Backbending current-voltage characteristic for an annular Josephson junction in a magnetic field

Excitation of the Josephson plasma radiation by a fluxon moving in an annular Josephson junction is studied experimentally, numerically, and using an analytical approach. An externally applied magnetic field H forms a cosinelike potential relief for the fluxon in a ring-shaped junction. The motion of the fluxon in the junction leads to an emission of plasma waves, which give rise to a resonance at a certain fluxon velocity. The experimental data agree well with numerical simulations which indicate a locking of the fluxon to the radiation frequency. The peculiar feature indicated by both experiment and numerical simulations is the shape of the resonance in the current-voltage (I - V) characteristic which shows a clear backbending, with a negative differential resistance.
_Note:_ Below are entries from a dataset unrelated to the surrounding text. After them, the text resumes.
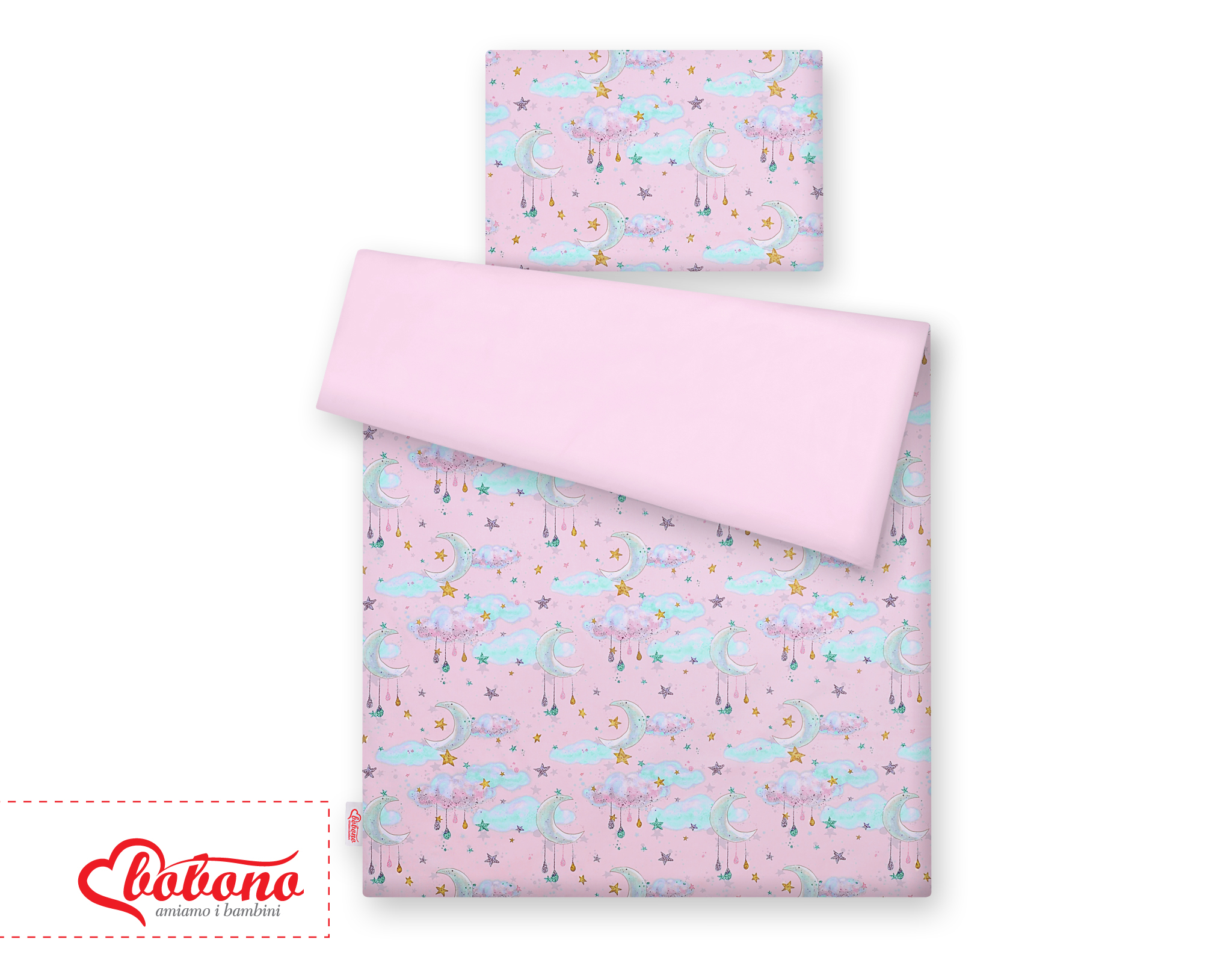 Bedding set for Baby Bed 2-pcs- moons pink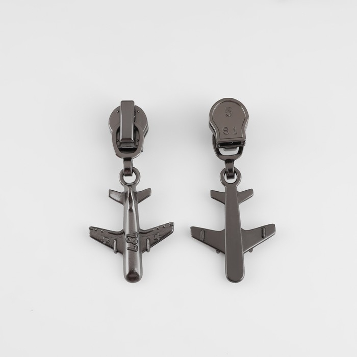 Бегунок автоматический для молнии «Спираль», №5, декоративный «Самолёт», цвет чёрный никель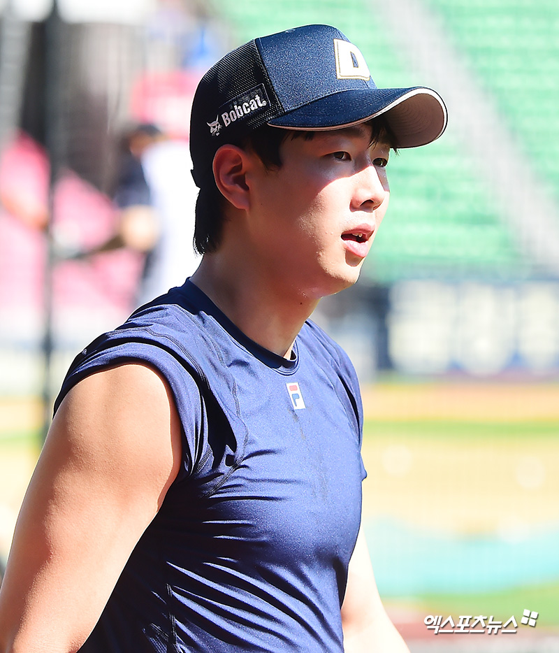 [엑스포츠뉴스 잠실, 김한준 기자] 29일 오후 서울 송파구 잠실야구장에서 열리는 '2018 신한은행 MY CAR KBO리그' 한화 이글스와 두산 베어스의 경기, 두산 박건우가 훈련에 임하고 있다.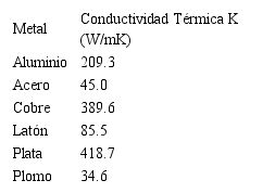 Explicación: Los mejores conductores de calor son los metales. Los metales son elementos presentes en la naturaleza que presentan buena conductividad calórica lo que a su vez sirve como referencia para su empleo en las diferentes industrias como la de la electricidad, la metalúrgica, materiales de construcción por citar algunos ejemplos.: no todos los metales son buenos conductores del calor. Entre los metales buenos conductores del calor tenemos aluminio, hierro, cobre que a también son buenos conductores de electricidad. Los metales poseen una gran capacidad de ceder electrones, por lo que es muy fácil establecer una corriente eléctrica entre ellos, por esta razón son buenos conductores de corriente eléctrica y por ende de calor. En la tabla 1 se muestra la conductividad de los metales utilizados (Lentech, 2016; Miliarium, 2008)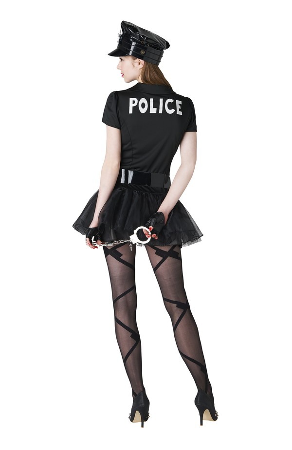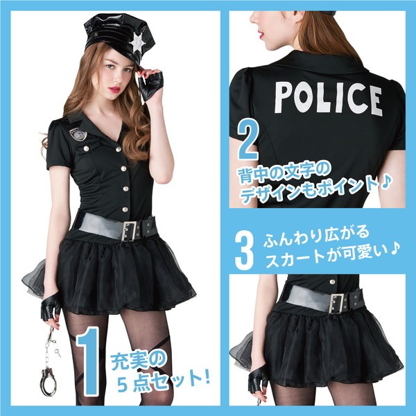 小物も充実の5点セット!ブラックで統一されたクールなポリスコスチュームです。ローウエストにふんわりと広がるスカートが、足を長く細く見せてくれるデザインです♪背中には「POLICE」のプリント入りだから、後ろ姿までカッコイイ☆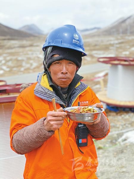 “5分鐘不吃完,飯菜就全涼了。”一位施工人員說,在海拔4000米以上的施工一線,他們已經(jīng)習(xí)慣了這樣的吃飯速度。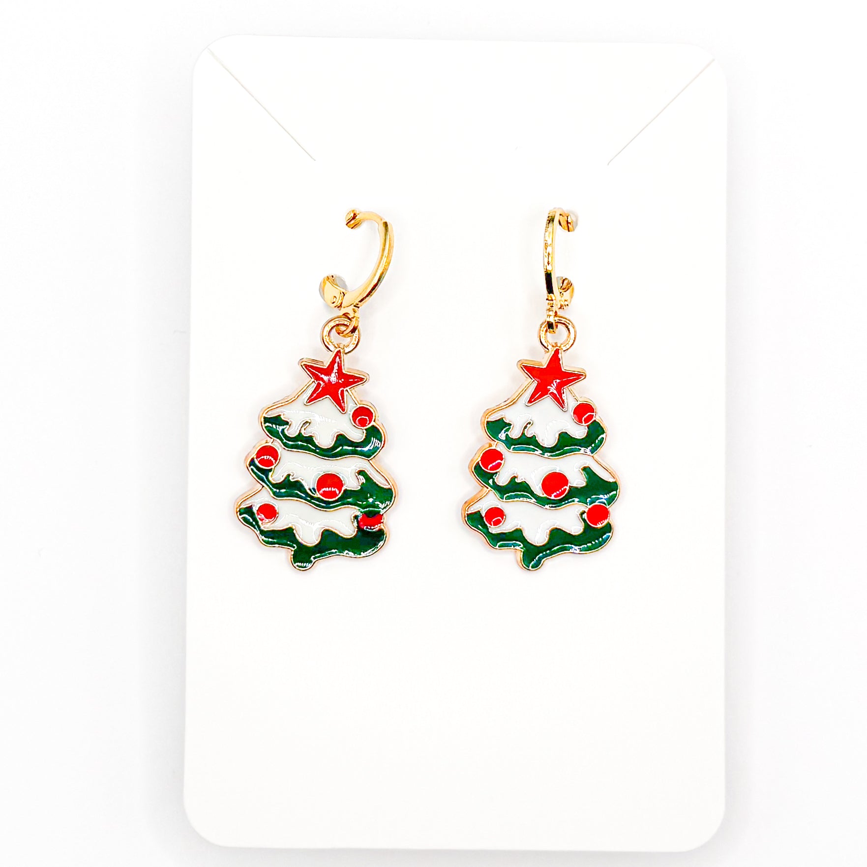 White Christmas Huggie Earrings with gold hardware || KellyPrepsterStudio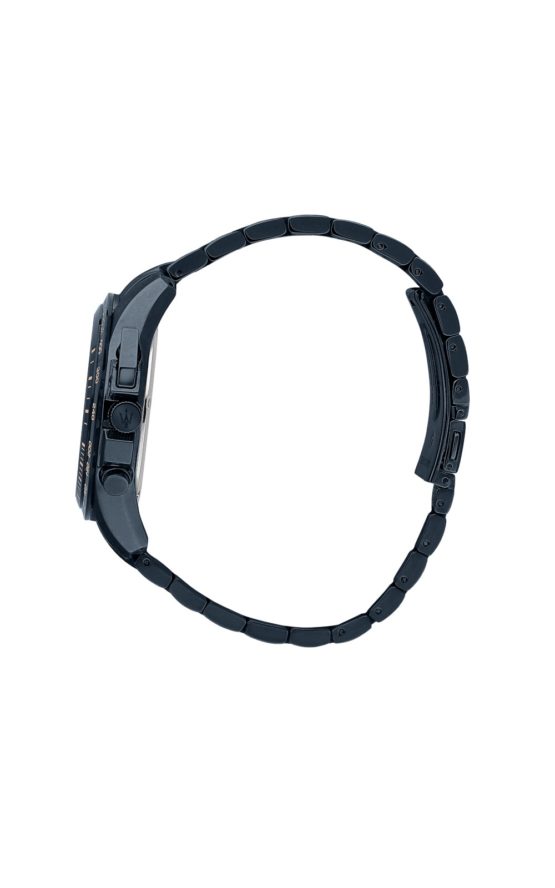 Ανδρικό ρολόι διαμέτρου 45mm, με μηχανισμό Quartz χρονογράφου ακριβείας. Έχει μπλε καντράν με ροζ επίχρυσους δείκτες, λεπτομέρειες και ένδειξη ημερομηνίας. Η κάσα του είναι μπλε χρώματος από ανοξείδωτο ατσάλι με κρύσταλλο από ορυκτό κρύσταλλο ειδικής σκλήρυνσης. Έχει μπλε μπρασελέ από ανοξείδωτο ατσάλι με κούμπωμα ασφαλείας. Είναι αδιάβροχο (10 ATM).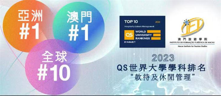 澳門旅遊學院作為一所提供款待及休閒管理學科的高等教育機構,本年度位列全球第十位,較去年排名躍升了十三位;學院的亞洲排名由2022年的第三位攀升至第一;更連續第七年在QS世界大學“款待及休閒管理”學科方面高居澳門排名榜首。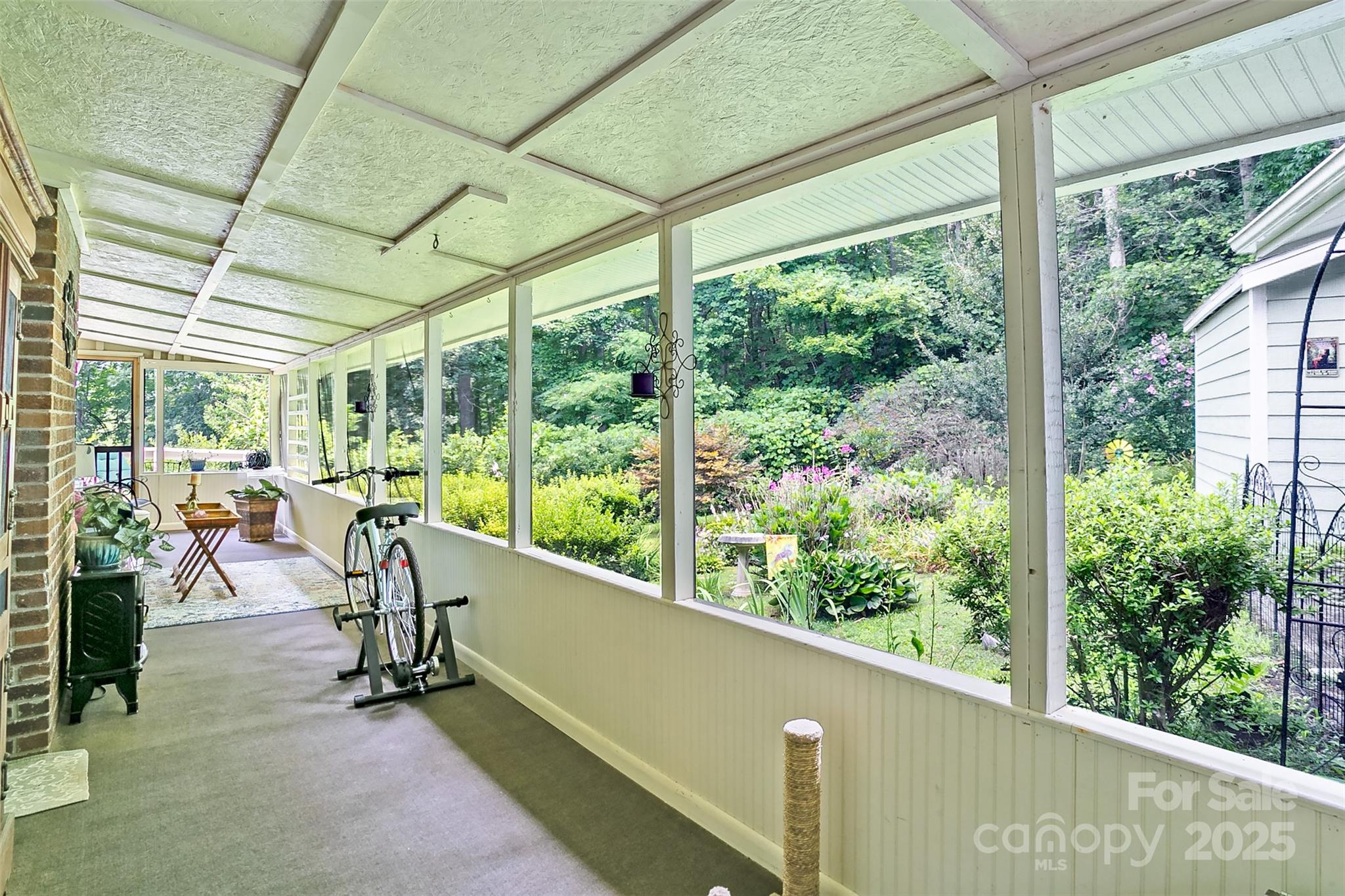 Bring your chickens! Attention animal lovers! This property is a paradise for animals and their beloved people. 1.99 acre property with approximately .5 acre of attractive, sturdy, dog proof fencing, extra large insulated dog house with covered porch in place, with room for other animals, as well. 40ft long screened porch, which is a dream area for indoor cats and other creatures! Large fenced garden area is the perfect spot to add a chicken coop! For the humans there is a beautiful, newly remodeled home, with a large primary suite with 2 closets, office area and deck. Very private, quiet lot with long range mountain views, ample parking, double carport, plenty of storage and more. Great area, with several large beautiful estates on this quiet dead end road. Approx. 20 minutes to Asheville, Hendersonville or Asheville airport. This is a very special place and must be experienced to be fully appreciated. Perfect as STR/vacation home. Please DO NOT enter the driveway without an appointment. Furnishings are available to purchase.

The analytical approach developed in this work is based on the perturbation theory for radiation emission generated by a kink in the perturbed sine-Gordon equation. To explain the observed effect, we introduce an addition to the perturbation theory, which proves to be crucial for explanation of the backbending I - V curves: We take into account the fact that the background radiation field, supported by a balance between emission from the moving kink and dissipative absorption, narrows the junction’s plasma frequency gap. In the case when the emission has a resonant character, even a small change of the gap produces a strong reciprocal effect on the emission power. Following this idea, we develop a fully analytical self-consistent approximation that readily allows us to obtain the backbending I - V curves.